Vor sechs Jahren kamen die beiden Museumsleiterinnen nach Heiden und hatten viel vor: «Wir sind keine Verwalterinnen. Uns ging es darum, ein eigenständiges, zeitgemässes Konzept zu entwickeln und umzusetzen.» Der erste Rundgang war allerdings ernüchternd, so Nadine Schneider: «Als wir das erste Mal im Museum waren, haben Kaba und ich gesagt: ‹Vergessen wir´s.›» Aber auf den zweiten Blick zeichnete sich das Potential des Hauses ab. Ausserdem, so ergänzt Kaba Rössler, «war auch Heiden selbst ein Argument: das Dorf, eine gute Infrastruktur, der Kursaal.» Die beiden blieben also und haben das Museum Henri Dunant von Grund auf neugestaltet.
Erzählungen statt Elektronik
Im Zentrum stand die Frage, wie ein Museum im 21. Jahrhundert aussehen muss. Während andernorts auf die Digitalisierung gesetzt wird, auf Tablets und auf immersive Effekte, vertrauen Kaba Rössler und Nadine Schneider auf das Objekt und die Reduktion: «Im Museum geht es darum, etwas zu erfahren, zu spüren und die eigene Lebenswelt zu reflektieren.» Kaba Rössler ergänzt: «Wir haben verschiedene Menschen gefragt, wann sie ein Museum weiterempfehlen. Die Antworten lauteten oft, ‹Wenn ich berührt, oder wenn ich betroffen bin.›»

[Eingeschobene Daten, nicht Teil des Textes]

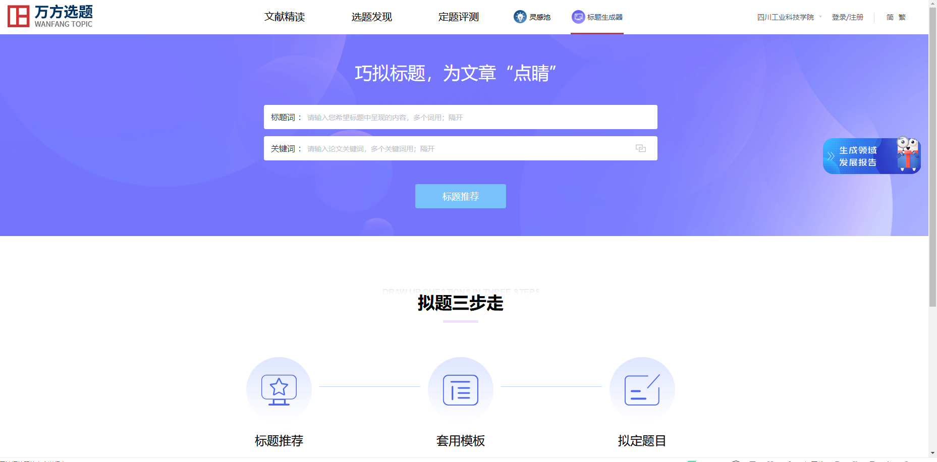 确定了选题方向,不知道怎样确定标题?——“标题生成器”功能提供核心期刊标题精准推荐与上百套核心期刊热门标题模板,还可一键保存标题并进行评测,助您确定一个合适的标题。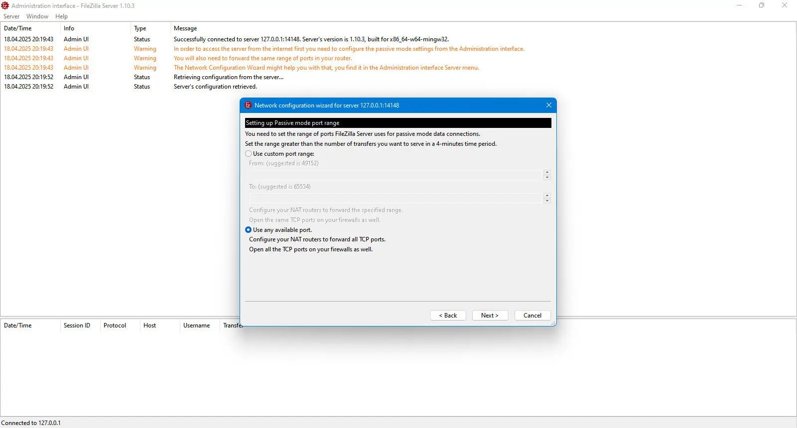 - FileZilla Server может быть настроен для работы через NAT и брандмауэры с минимальными изменениями.

Dafür braucht es nicht viele Objekte, sondern die richtigen; keine Endlostexte, sondern Erzählungen; weniger Elektronik, sondern Emotionen und eine gute Portion Kunst. Letztere ist aktuell mit dem Video «Fridu» von Sarah Hugentobler und Stephan Hermann vertreten. Es zeigt, wie sich Menschen gemeinsam einem Friedensbegriff annähern können: Das Wichtigste dabei ist der Austausch.
Abschied vom Museum
Der Film wird in der linken Museumshälfte gezeigt. Sie führt in die Gegenwart, während die rechte Hälfte Dunants Leben gewidmet ist. Links ist auch die Souvenir-Ausstellung zu sehen und eine Collage aus Schweizer Filmen zu Migrationsthemen. Bis jetzt ist es kaum mehr als eine Stunde Filmmaterial, aber bald sollen es 24 Stunden sein. Doch dieses und andere Projekte überlassen Kaba Rössler und Nadine Schneider ihrer Nachfolge, denn die beiden verabschieden sich in diesem Sommer als Museumsleiterinnen von Dunant.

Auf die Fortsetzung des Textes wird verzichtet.